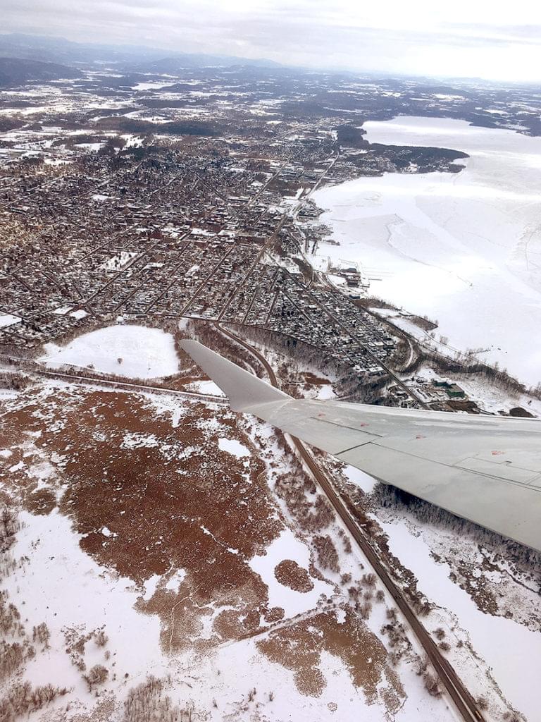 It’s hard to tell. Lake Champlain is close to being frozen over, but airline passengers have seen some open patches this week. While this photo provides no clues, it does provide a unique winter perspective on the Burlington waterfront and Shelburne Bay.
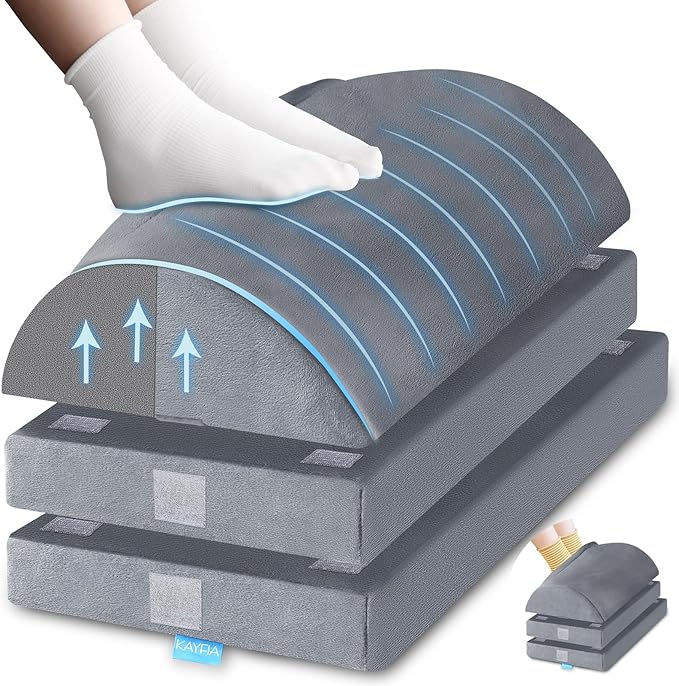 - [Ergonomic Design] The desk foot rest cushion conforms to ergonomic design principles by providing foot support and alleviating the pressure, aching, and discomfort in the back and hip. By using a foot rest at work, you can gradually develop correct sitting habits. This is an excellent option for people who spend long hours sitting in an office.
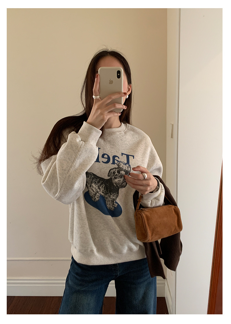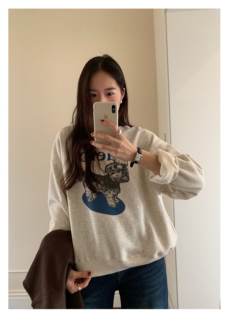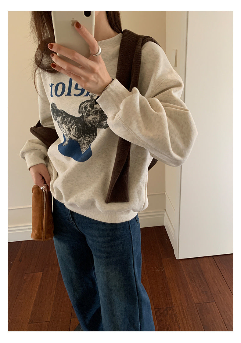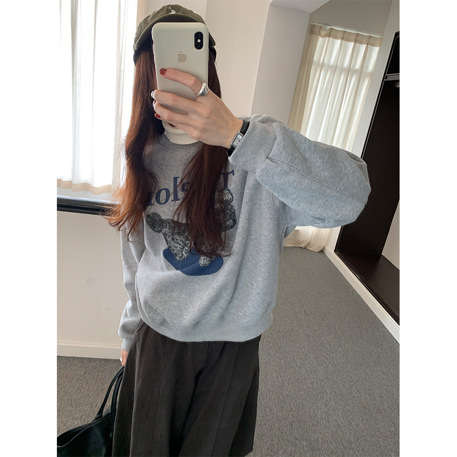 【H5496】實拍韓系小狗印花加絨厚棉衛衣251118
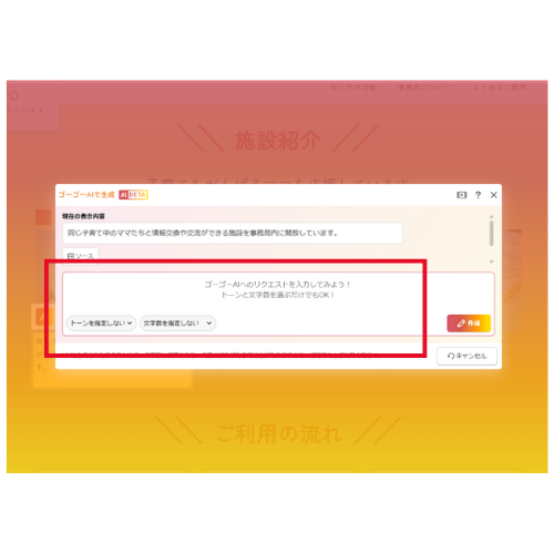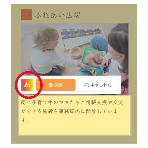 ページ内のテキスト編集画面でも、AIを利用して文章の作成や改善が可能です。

Your objective
Go through the material and set it down again exactly, but without any pictures.

Task result
 It’s hard to tell. Lake Champlain is close to being frozen over, but airline passengers have seen some open patches this week. While this photo provides no clues, it does provide a unique winter perspective on the Burlington waterfront and Shelburne Bay.
 - [Ergonomic Design] The desk foot rest cushion conforms to ergonomic design principles by providing foot support and alleviating the pressure, aching, and discomfort in the back and hip. By using a foot rest at work, you can gradually develop correct sitting habits. This is an excellent option for people who spend long hours sitting in an office.
 【H5496】實拍韓系小狗印花加絨厚棉衛衣251118
 ページ内のテキスト編集画面でも、AIを利用して文章の作成や改善が可能です。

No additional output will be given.